We assumed the old man was expecting someone. In the dim recesses of his consciousness he probably thought we had come to help him keep an eye open for his visitor. Probably someone who brought him his frugal meals.
The Princess took out her purse and hastily handed a gold coin to Lipotin:
“Give that to the poor devil. He’s obviously weak in the head. Let’s go.”
Suddenly the old man opened his eyes wide and looked at us one after the other; but not in the face, rather he looked over our heads. “It’s all right”, he murmured, “it’s all right. Go on up. Perhaps my Lady is coming after all.”
“Which lady?” – Lipotin handed the old man the Princess’ gift but he rejected the money with a hasty gesture:
“The garden has been taken care of; there is no need for a reward. The Lady will be content. If only she did not stay away for so long. When winter comes I cannot water the flowers any more. I have been waiting for ... for ...”
“Well, how long have you been waiting, old man?”
“Old man? – But I’m not old. No, no I’m not old. Waiting keeps you young. I’m young, as you can see.”
The words sounded funny but we did not feel like laughing.
“And how long have you been here, my good fellow?” Lipotin persisted.
“How ... long ... have I been here? How should I know that?” the old man shook his head.
“Think! You must have come up here for the first time once? Or were you born up here?”
“No, no I came up here. That is right. I came up here, thank God! And when? You can’t count time.”
“Can you not remember where you were before?”
“Before? But I wasn’t anywhere before.”
“But my good fellow! Where were you born, if not up here?”

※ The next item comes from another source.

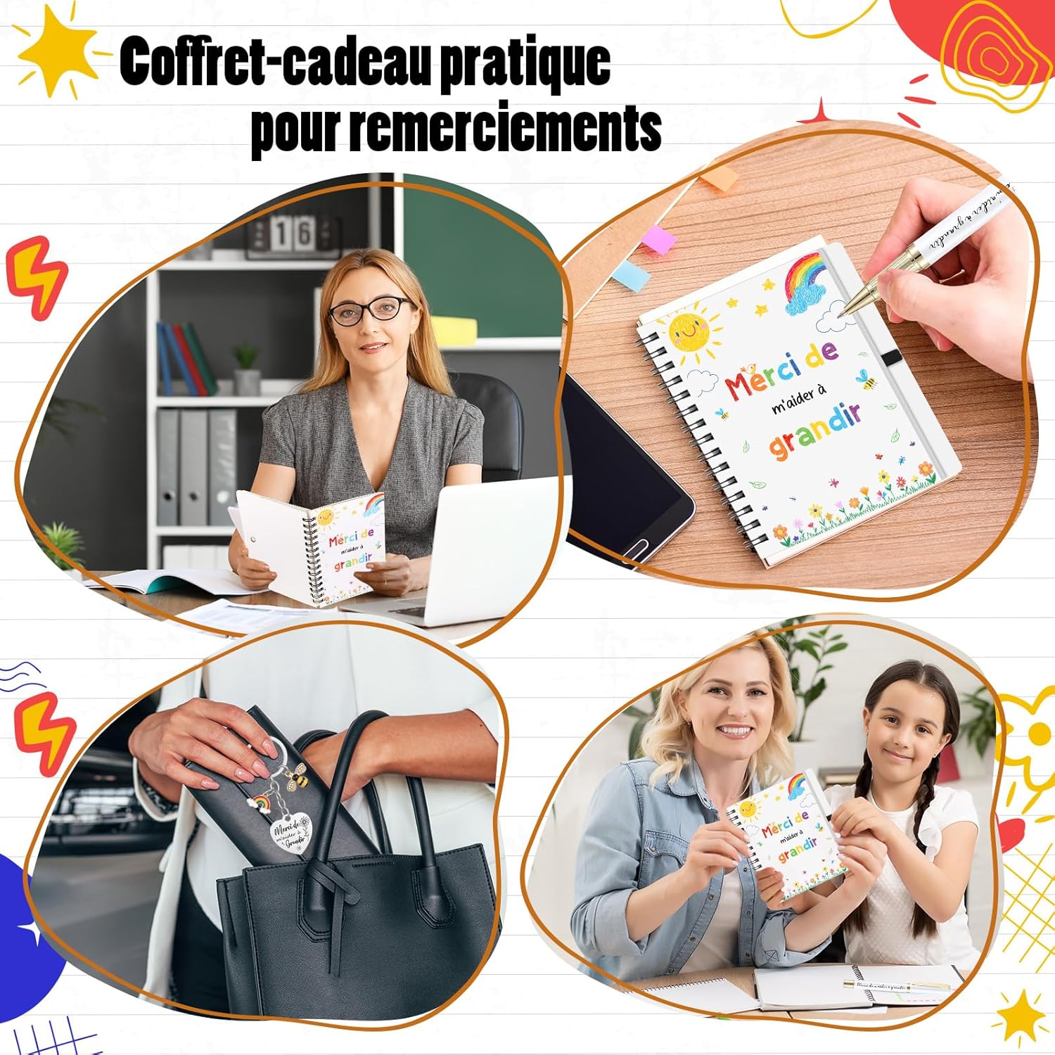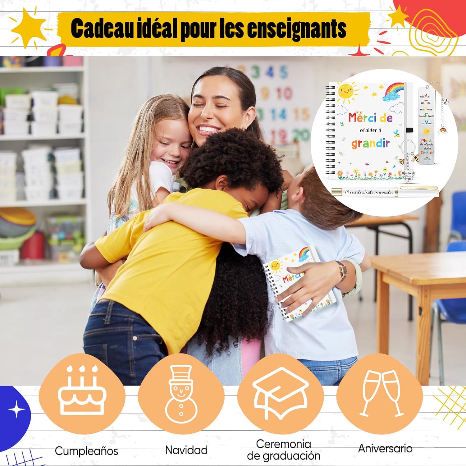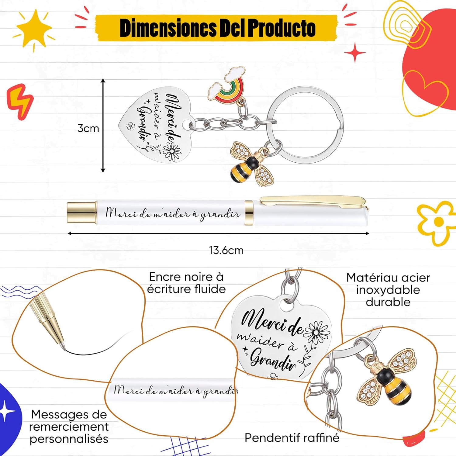 Set di ringraziamento per gli insegnanti: questo regalo ATSEM include 1 quaderno a spirale A6 con copertina infantile, 1 portachiavi con ciondolo arcobaleno e ape, 1 segnalibro colorato in acciaio inossidabile e 1 penna gel bianca. Pensata per gli insegnanti ATSEM, questa scatola coniuga perfettamente funzionalità e valore emozionale. Dai materiali accuratamente selezionati ai dettagli di design, ogni articolo esprime rispetto e gratitudine agli insegnanti ATSEM Pratico e premuroso: questo regalo per gli insegnanti è pieno di gratitudine. Ogni articolo integra le nozioni di gratitudine e sviluppo personale. Il quaderno a spirale, il portachiavi e la penna sono decorati con la citazione "Grazie per avermi aiutato a crescere" e il segnalibro recita "fantastica, divertente, amorevole gentilezza". Grazie per avermi aiutato a crescere! » Il bellissimo ciondolo a forma di ape sul portachiavi simboleggia la dedizione degli insegnanti ai loro studenti. Dimensioni comode: la dimensione del quaderno a spirale è 10 x 14 cm, facile da trasportare, grande quanto un palmo e può essere facilmente riposta in una borsetta o in una valigetta; il diametro del portachiavi è di 3 cm, molto adatto come decorazione per portafoglio o cellulare; la dimensione del segnalibro è 13 x 2,6 cm; la dimensione della penna ATSEM è di 13,6 cm, il corpo della penna è leggero e non ti sentirai stanco dopo aver scritto per molto tempo. Materiali ecocompatibili di alta qualità: questo set regalo ATSEM è un doppio impegno per la qualità e l'attenzione ai dettagli. Il blocco note è realizzato in carta di alta qualità, durevole, ecologica e strutturata, con buona resistenza all'inchiostro. I segnalibri e i portachiavi colorati sono realizzati in acciaio inossidabile, con incisioni chiare e resistenti. La penna gel è comoda da tenere in mano, leggera e l'inchiostro scorre perfettamente senza sbavature. Ampia applicazione: ogni piccolo regalo per l'insegnante si inserisce facilmente in una borsa o in una valigia, rendendolo un compagno ideale per registrare e leggere sempre e ovunque. Possono svolgere un ruolo importante a scuola, in ufficio, in riunioni di lavoro e in altre occasioni. Per il giorno dell'insegnante, la laurea, il Ringraziamento, il compleanno, Natale, Capodanno e altre festività, questo set è un regalo ideale

“Born? I wasn’t born; I was drowned.”
The more meaningless the mad old man’s answers seemed to become, the more uncanny they seemed to me and my curiosity began to torment me to uncover the perhaps trivial secret of this shipwrecked mariner on the shores of life. The workman’s words: “He’s always digging up the ground”, came back to me. Was it some treasure that the old man kept searching for in the ruins and was it that that had driven him mad?
Jane and Lipotin seemed to be in the grip of the same curiosity. Only the Princess was standing to one side in a proud indifference which I had not noticed in her before; in vain she kept trying to get us to leave.
Lipotin, who not unnaturally could make no sense of the old man’s last reply, raised his eyebrows at us and was trying to think up some cunning, probing question, when abruptly the old man started to talk, hastily, almost as if driven by some machinery like an automaton. Some cogwheel must have been released, setting in motion a memory which whirred on of its own accord:
“Yes, yes; then I surfaced out of the green water. Yes, yes; rose straight up to the surface. And I walked, walked, walked until I heard of the Queen at Elsbethstein. Yes, I came here, thank God. I am a gardener, yes, yes. And I dug ... until ... thank God. And now I keep the garden tidy for the Queen, as I have been told. So that she will be glad when she comes, you understand? That is not difficult to understand, is it? Nobody should be surprised at that, should they?”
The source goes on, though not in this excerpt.